Recent commitments underscore this shift. In 2024, the Gates Foundation expanded its Global Education Program by $240 million to support evidence-based, government-partnered solutions across sub-Saharan Africa and India. This grant funding was earmarked for foundational learning and data systems that support teachers and education ministries, often through co-financing schemes with governments and multilaterals. The program prioritizes scaling rigorously tested digital tools – addressing the lack of proof-of-learning impact – making efficacy a concrete proof point for follow-on financing.
Skoll Foundation has prioritized scaling social enterprises blending technology, community engagement, and rigorous evidence, while Ford Foundation backs organizations at the nexus of education equity, public systems reform, and digital access for marginalized learners. Both have supported adaptive practice tools that measurably reduce early-grade learning poverty. More critically, these grants give EdTech founders breathing room to scale without debt repayment and liquidity pressures, creating investable models for commercial capital.
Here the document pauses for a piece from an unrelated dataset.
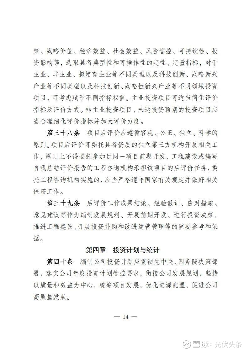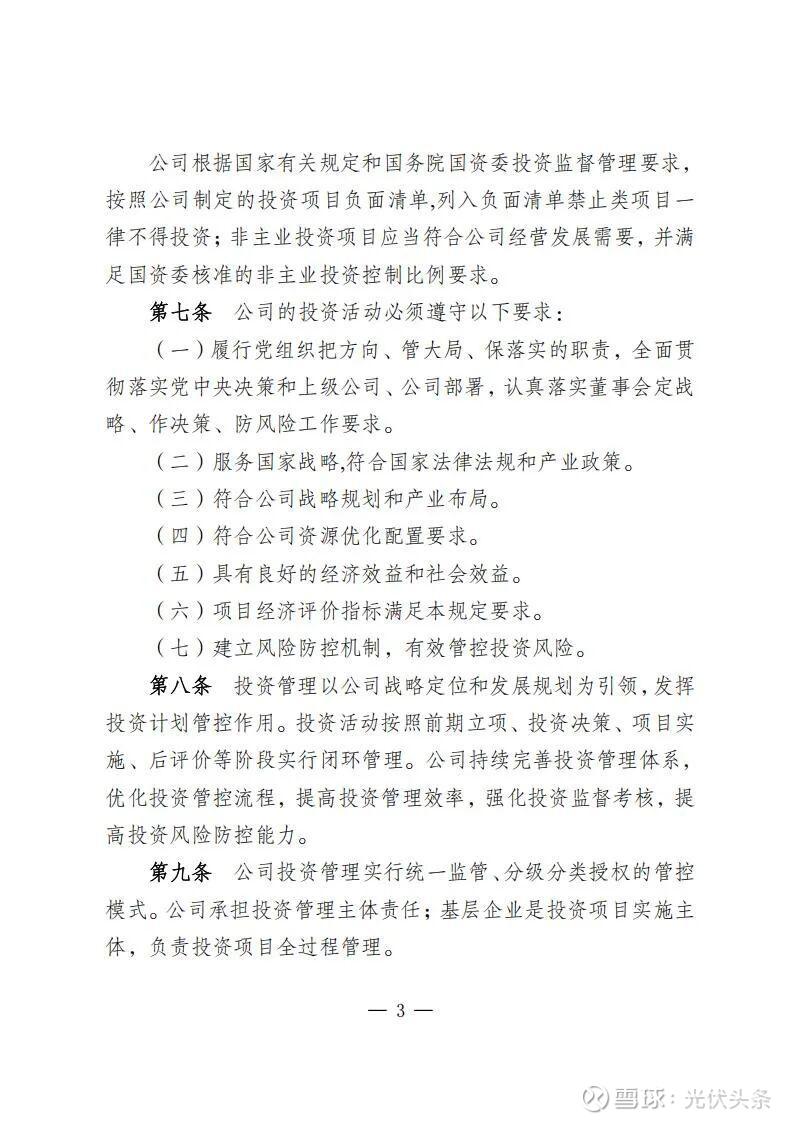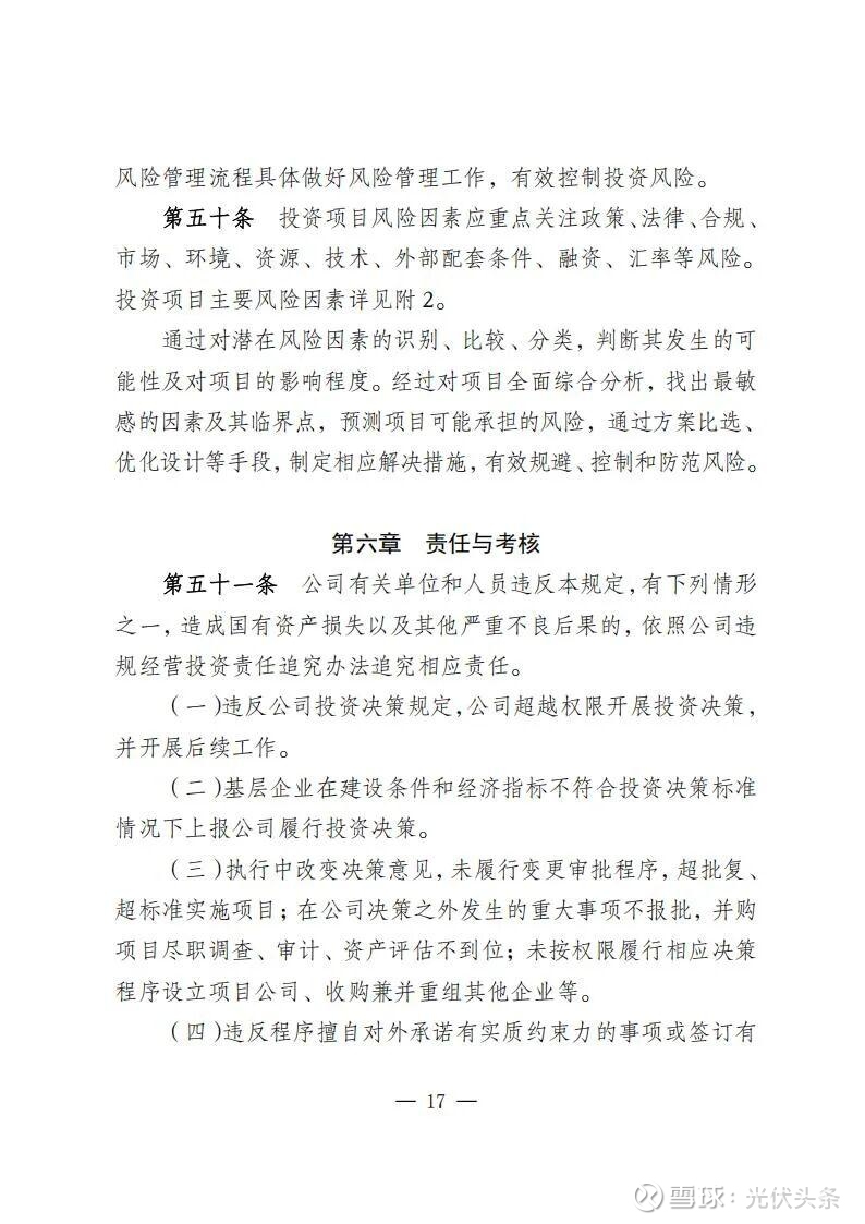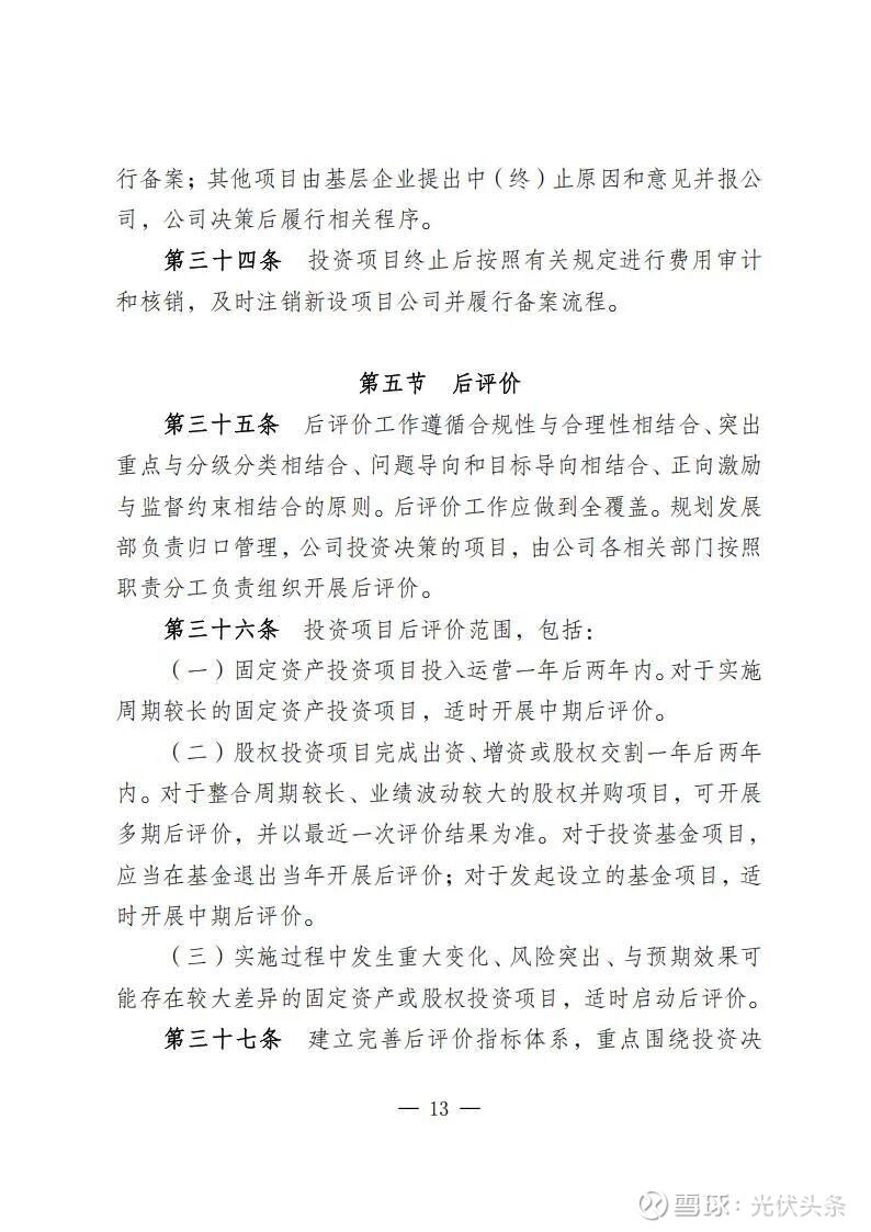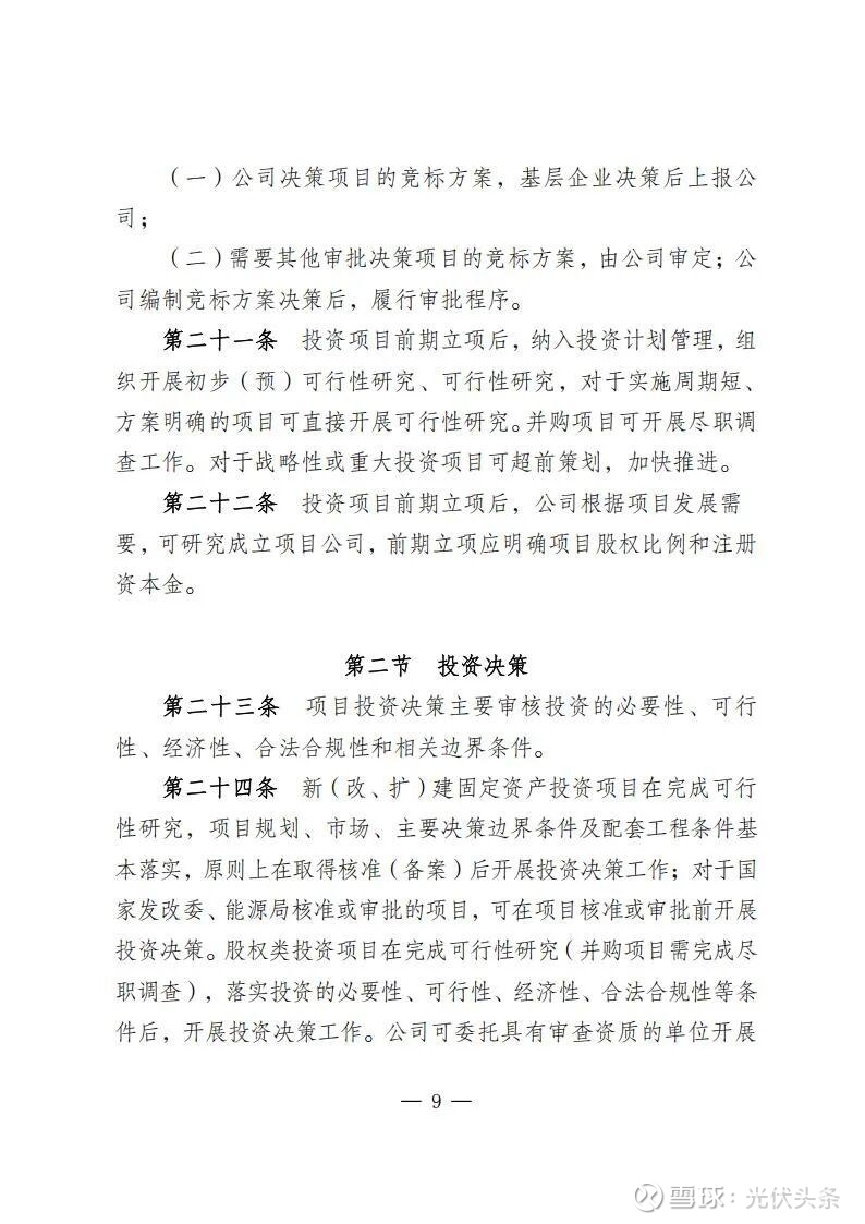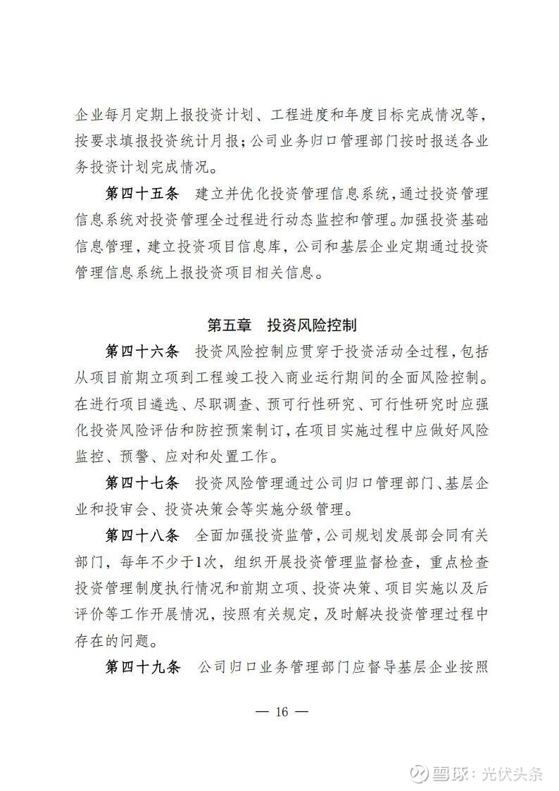 规定指出,规划发展部是公司投资管理的归口部门,负责组织研究制订投资管理有关规定;负责组织编制发展规划、投资计划和前期工作计划和后评价计划;负责境内新(改、扩)建电力和配套热力(含热/冷网)、新建热力项目、电力能源类战略性新兴产业(含风电光伏、氢基能源、新型储能、生物质能、综合能源、虚拟电厂等),项目前期立项、投资决策、后评价等归口管理。同时,负责风光电项目并购的前期立项工作。

Although still early, AI is emerging as a cross-cutting capability in African EdTech. Preliminary pilots demonstrate both promise and limitations. AI is being used to generate lesson prompts and automate grading with up to 86% accuracy, enabling teachers to spend more time with students. Rising Academies’ Rori, deployed in various African countries, uses AI via WhatsApp to tutor math. In eight months of weekly Rori use (two 30-minute sessions per week), students saw math learning gains equivalent to an extra year of schooling across multiple grade levels. A $40 million ADQ–Gates partnership announced in December 2025 will scale AI-enabled teacher tools and personalized learning technology across sub-Saharan Africa.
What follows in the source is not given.